In Romans 8:22-23, we see that He put this same desire within us and even in the rest of creation:
22 We know that the whole creation has been groaning as in the pains of childbirth right up to the present time. 23 Not only so, but we ourselves, who have the firstfruits of the Spirit, groan inwardly as we wait eagerly for our adoption to sonship, the redemption of our bodies.
So how could that come about after we chose death? Our perfectly just Father has to punish sin, so how could he rescue us without killing us too?
As one, the Godhead planned to send the Father’s perfect Son to become one of us. They actually planned for this before the earth was made, before we blew it. He came to be just like us; He chose to be limited in all the ways we are limited, having the same gift of choice we have, and to demonstrate a perfect life; but also to suffer death for us so that the justice of God would be fulfilled in Him, instead of in us.
Just like we do, Jesus suffered betrayal, humiliation, ridicule, contempt, rejection, hatred, but then He was so badly beaten and whipped that His face was unrecognizable as human. After that, His head was impaled by a crown of terrible thorns and then He was nailed to a wooden cross by having his hands and feet nailed through to the wood. All of this followed the torturous anticipation of knowing in detail what He would suffer for us.

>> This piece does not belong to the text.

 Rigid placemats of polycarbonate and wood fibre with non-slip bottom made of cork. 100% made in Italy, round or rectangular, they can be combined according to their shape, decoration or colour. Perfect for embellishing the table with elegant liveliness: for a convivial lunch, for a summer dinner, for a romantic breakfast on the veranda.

Why would an innocent person agree to this? The Roman governor declared Him innocent 3 times. Why suffer and not try to prove your innocence? Why accept even the accusation, much less the violence? Answer: Love.
But He wasn’t done yet. Many martyrs have died for many causes over all the centuries. But not one of them, however worthy, gained eternal life for their followers, or for those who were grateful. Jesus didn’t stop at dying for us. Jesus completed our restoration to the Father by overcoming death and the grave forever in His resurrection from the dead. He gave us a brand new life in Him.
By his love, Jesus reconciled every person and the whole of creation back to the Father. Now, it is our free choice whether or not we accept this gift and receive our salvation.
When we choose salvation, we get the biggest gift of all, the indwelling of the Holy Spirit. The person of God comes to reside within us to strengthen us, to convict us of sin, to give us understanding and guide us and comfort us forever. He will never leave us.
His Presence makes us brand new creations, we are completely unlike our old selves because of His Presence. In choosing life in Jesus, we must also choose to let our old self die. With His help, over time, we can put to death the deeds of our sinful nature and really live! Our old way of living begins to peel away like the layers of an onion. We have never before known freedom, but as the layers fall away we begin to know true joy and abundant life. This is how we become Sons of God.